Sur la toile, une quantité de lecteurs ne tarissaient pas non plus d’éloges à propos de L’ombre du vent : ils vantent ce roman comme étant « une merveille », « un vrai bijou », « un livre grandiose », « le nouveau chef d’œuvre de la littérature espagnole »1. Portée par ce vent d’optimisme, j’ai donc entamé cette brique de 630 pages avec curiosité et empressement.
Mais voilà… Mes points de vue relatifs au fond et à la forme de ce roman le trahissent suffisamment, je me range parmi les détracteurs…
Totalement hermétique à cette fiction, je ne parviens pas à saisir ce qui, dans ce livre, séduit la foule. Je m’étonne. Je ne comprends pas. Je me suis entêtée à relire un maximum de critiques après avoir entamé le roman pour saisir pleinement d’où provenait l’enthousiasme de tous ces gens, mais ça ne m’a en rien permis de comprendre : « passionnant », féérique », « des personnages attachants », « une écriture fine et percutante », émouvant », « prenant »… Rien ne coïncide avec mon appréciation : a-t-on vraiment lu le même livre? La subjectivité a ses raisons que la raison ne connait pas. A l’inverse de l’écrasante majorité, j’aurais propension à vous proposer de passer votre chemin, mais il y a de fortes chances, vue la proportion de laudateurs, que vous ne soyez pas de mon avis, alors que suis-je seulement censée conseiller ? De faire l’impasse sur mon irrecevable critique, peut-être.

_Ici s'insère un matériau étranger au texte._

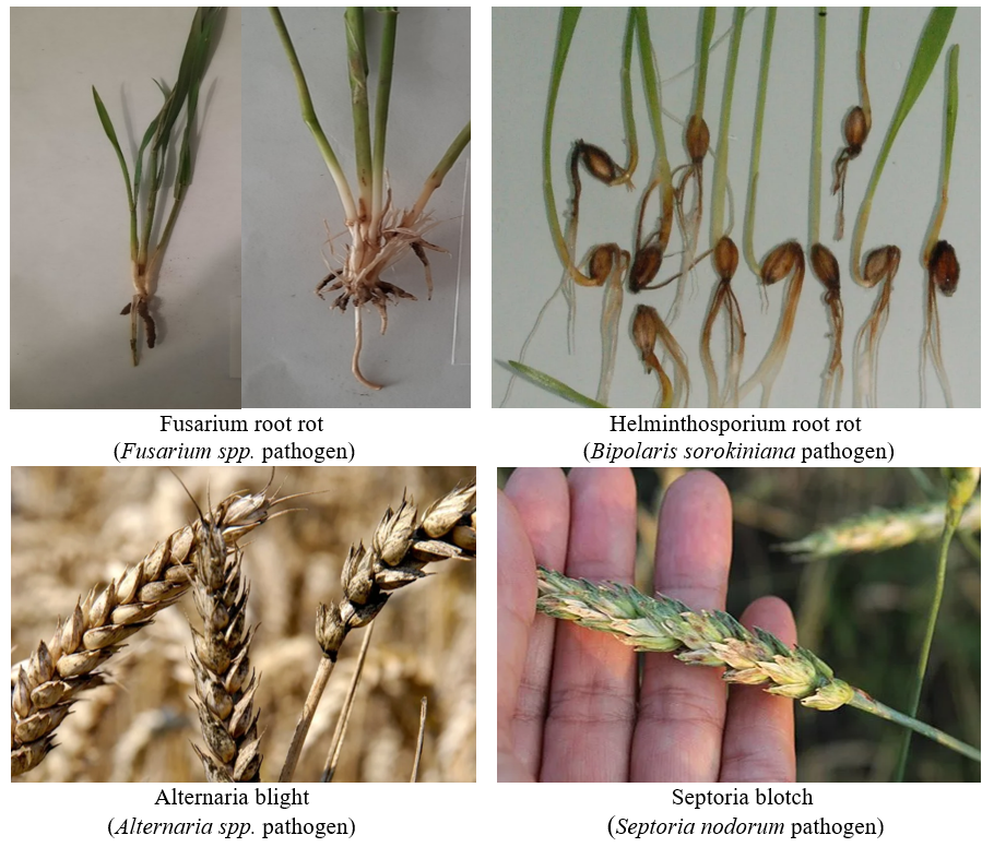 The dominant pathogen identified in the study was Bipolaris sorokiniana, causing helminthosporium root rot. The disease manifested as browning of the coleoptile, yellowing, and deformation of leaves, and overall plant stunting in seedlings and emergence stages of wheat. In later stages of vegetation, infected plants showed rotting, browning, and blackening of primary and secondary roots, as well as the tillering node and the lower part of the stem. helminthosporium root rot was observed in every stage of wheat vegetation, ranging from 5% to 40%. In later stages, Bipolaris sorokiniana contributed to the development of spot blotch, characterised by light brown spots surrounded by chlorosis on leaf blades. Among the plants affected by this disease, 12% showed browning and shrivelling, 8% exhibited white heads, and 8% had black spots caused by Bipolaris sorokiniana. The development and spread of this pathogen in the North-East of Kazakhstan were influenced by prolonged drought and optimal air temperatures (22-26 °C). The pathogen showed a tendency to increase in dense plantings, agroecosystems with deep seed burial, and contaminated plantings, which served as reservoirs for pathogenic infection.

- J’ai du parcourir une centaine de critiques qui clamaient la génialissimité de ce roman, contre un ou deux avis contraires seulement [↩]



Les personnages de L’ombre du vent m’ont paru caricaturaux, improbables et insignifiants ; l’univers, impalpable ; bref, rien, dans ce bouquin, ne m’a paru attrayant. Même pas l’histoire qui, quant à elle – à mes yeux -, n’en finissait pas. Dois-je cette résistance au récit à cause de la plume de Zafon, qui m’a franchement déplu?…
Une écriture inesthétique, sans relief, scolaire. Une foison d’adjectifs imprécis et utilisés de manière inadéquate, tout juste capables d’encombrer le récit ; des comparaisons parasites ; des phrases longues dénuées de sensibilité. Un style rococo indigeste, une plume bigrement lourde.